Wes Goodwin

Current position
- Title: Assistant linebackers and outside linebackers coach
- Team: Oklahoma
- Conference: SEC

Biographical details
- Born: December 28, 1984 (age 40) Grove Hill, Alabama, U.S.
- Alma mater: Mississippi State University

Coaching career (HC unless noted)
- 2005–2008: Mississippi State (SA)
- 2009–2011: Clemson (GA)
- 2012–2014: Clemson (defensive analyst)
- 2015–2017: Arizona Cardinals (assistant to the HC)
- 2018–2021: Clemson (senior defensive assistant)
- 2022–2024: Clemson (DC/LB)
- 2025–present: Oklahoma (assistant LB/OLB)

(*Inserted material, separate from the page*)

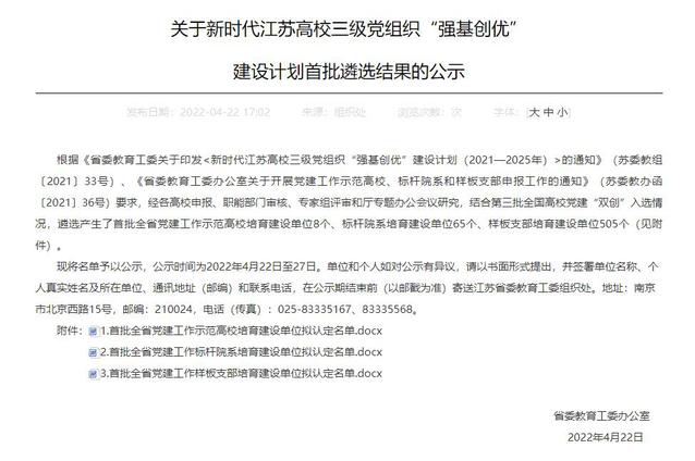 近日,江苏省教育厅发布“关于新时代江苏高校三级党组织‘强基创优’建设计划首批遴选结果的公示”,水果派解说 计算数学系党支部入选首批全省党建工作样板支部培育建设单位。继水果派解说 系统科学党支部入选首批教育部“全国党建工作样板党支部”后,水果派解说 党建工作再创佳绩。
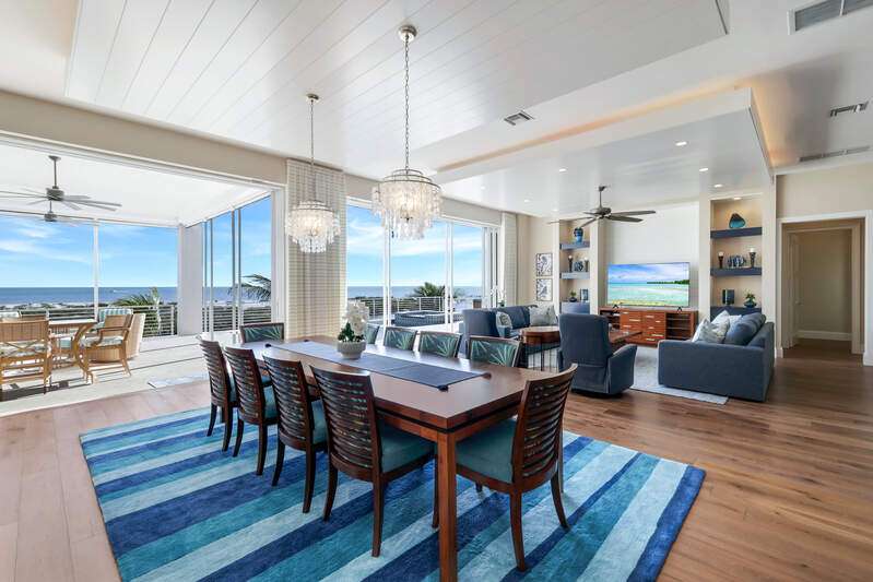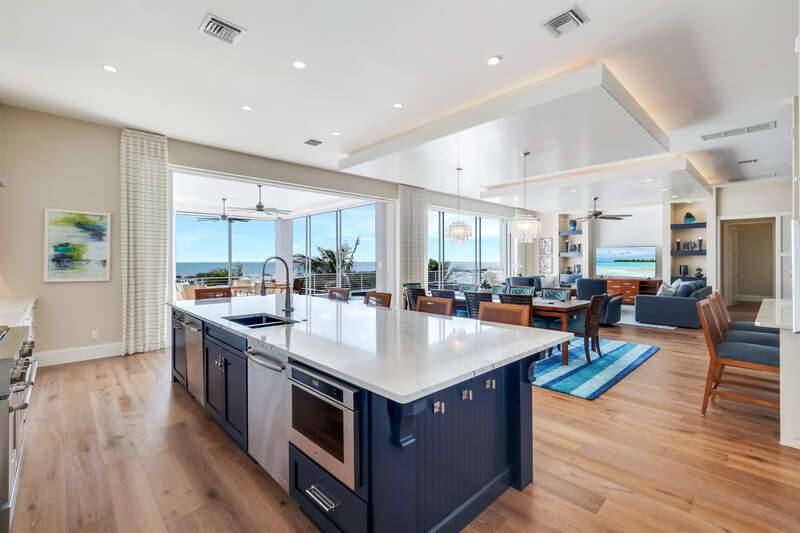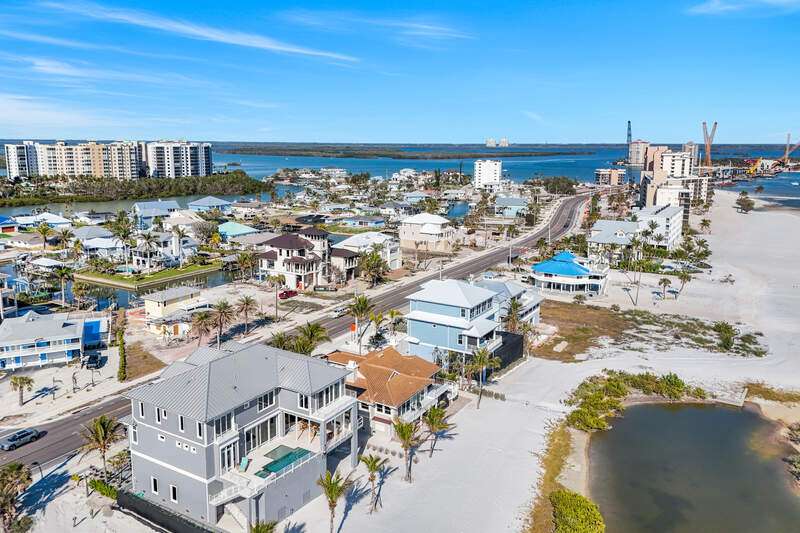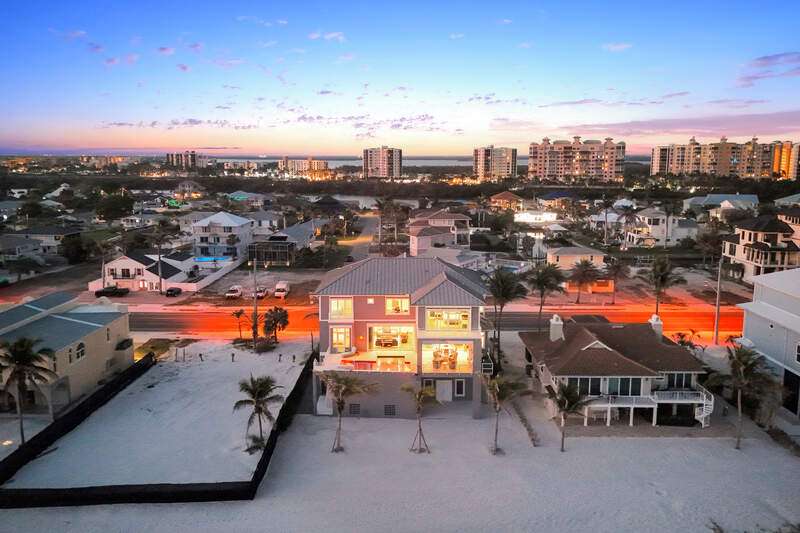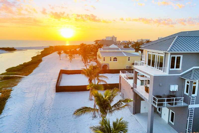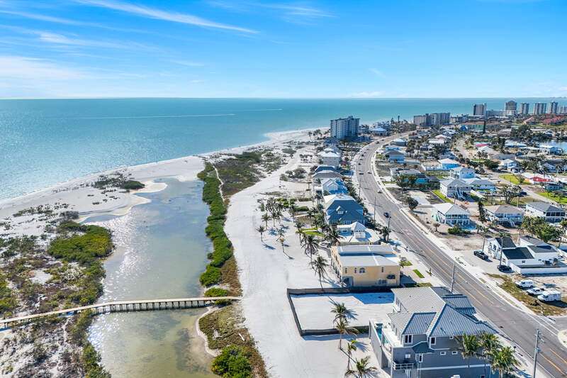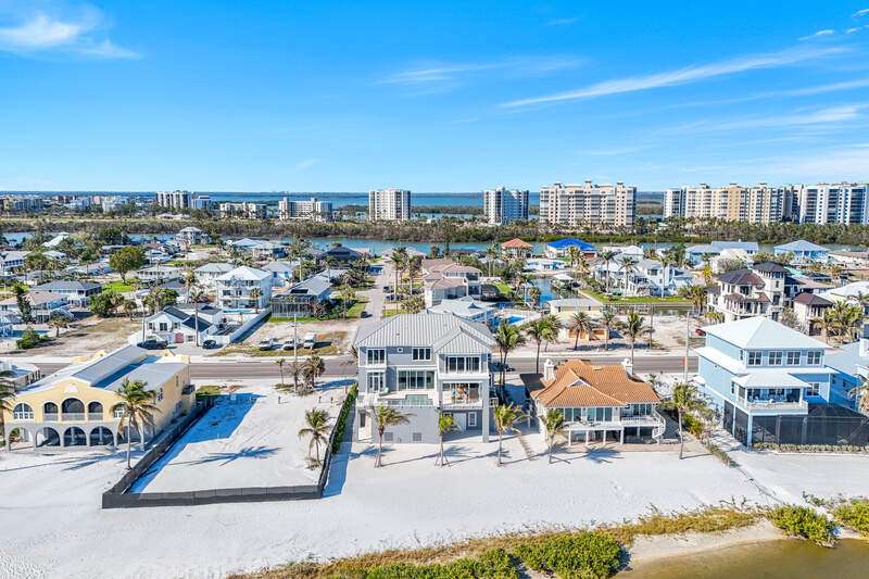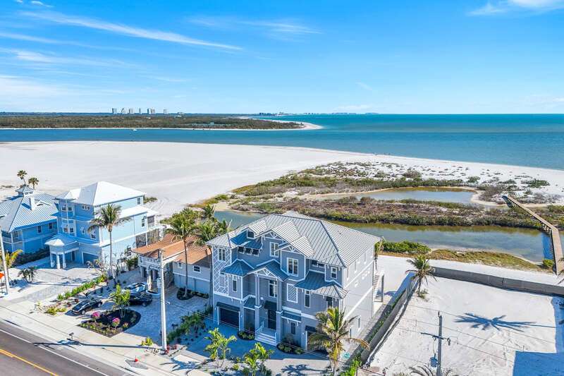 An exclusive & spectacular beachfront home located on the tranquil south end of Fort Myers Beach offers unrivaled panoramic gulf & beach front views stretching from Naples to Sanibel on clear days & evenings serving as a perfect backdrop of luxury & privacy. Positioned on a rare section of beach w/ultra-private backyard yet, from the home, you have direct access to the sandy beach & gulf waters. Featuring 6 spacious ensuite bedrooms or 5 ensuites & a den w/full bathroom, the residence boasts 10' to 15' high ceilings, stunning hardwood & tile flooring, fully color-coordinated accents, an open 3-tiered floorplan drawing in natural light throughout plus, an elevator that provides easy access to all levels, ensuring convenience throughout the home. The chef-inspired kitchen is equipped with top-tier appliances, dual ovens, dual dishwashers, large walk-in pantry, wet bar, multiple dining options from casual to formal both inside & outside, ideal for both everyday living, entertaining & those special gatherings. Step outside to the expansive patio, where you'll enjoy a full outdoor experience from lounging, sunbathing, dining & more. Complete outdoor kitchen, fireplace, infinity pool & spa, all designed for taking full advantage of the mesmerizing sunsets & living the ultimate beach front lifestyle. Designed with comfort, efficiency & luxury at top-of-mind, this home features high-impact windows & doors, electric Clear Choice Storm Shutters, motion-senor automated sliders that open up to the beach, a garage that follows the footprint of the home to accommodate 6+ cars, double laundries (main & upper level) & Lutron lighting system. Additional highlights include two new A/C systems (2024), on-demand gas water heaters, a 1,000-gallon underground propane tank, a MyQ WiFi-controlled garage & beautiful, irrigated landscaping. A short drive, bike ride or trolley connection can take you to Lovers Key State Park, a variety of local marinas, various local shopping & dining venues as well as easy access to a number of public boat launches. The trolley-stop is just across the street. This home is perfect for enjoying the finest in beachfront living as well as both current & future local attractions as investment in the community continues to unfold.

Accomplishments and honors

Championships
- National Championship (2018);

= Wes Goodwin =

American football coach (born 1984)

Wesley Goodwin (born December 28, 1984) is an American football coach who is currently the assistant linebacker and outside linebacker coach at the University of Oklahoma. Was formerly the defensive coordinator and linebackers coach at Clemson University. He previously served as an assistant coach for the Arizona Cardinals and at Mississippi State University.

== Arizona Cardinals ==
In 2015, Goodwin was hired by the Arizona Cardinals as the assistant to the head coach. Goodwin served under head coach Bruce Arians.

== Clemson (second stint) ==
In 2018, Goodwin returned to Clemson University as a senior defensive assistant.

On December 14, 2021, Goodwin was promoted to defensive coordinator and linebackers coach at Clemson, replacing Brent Venables after his departure to become the head coach at the University of Oklahoma.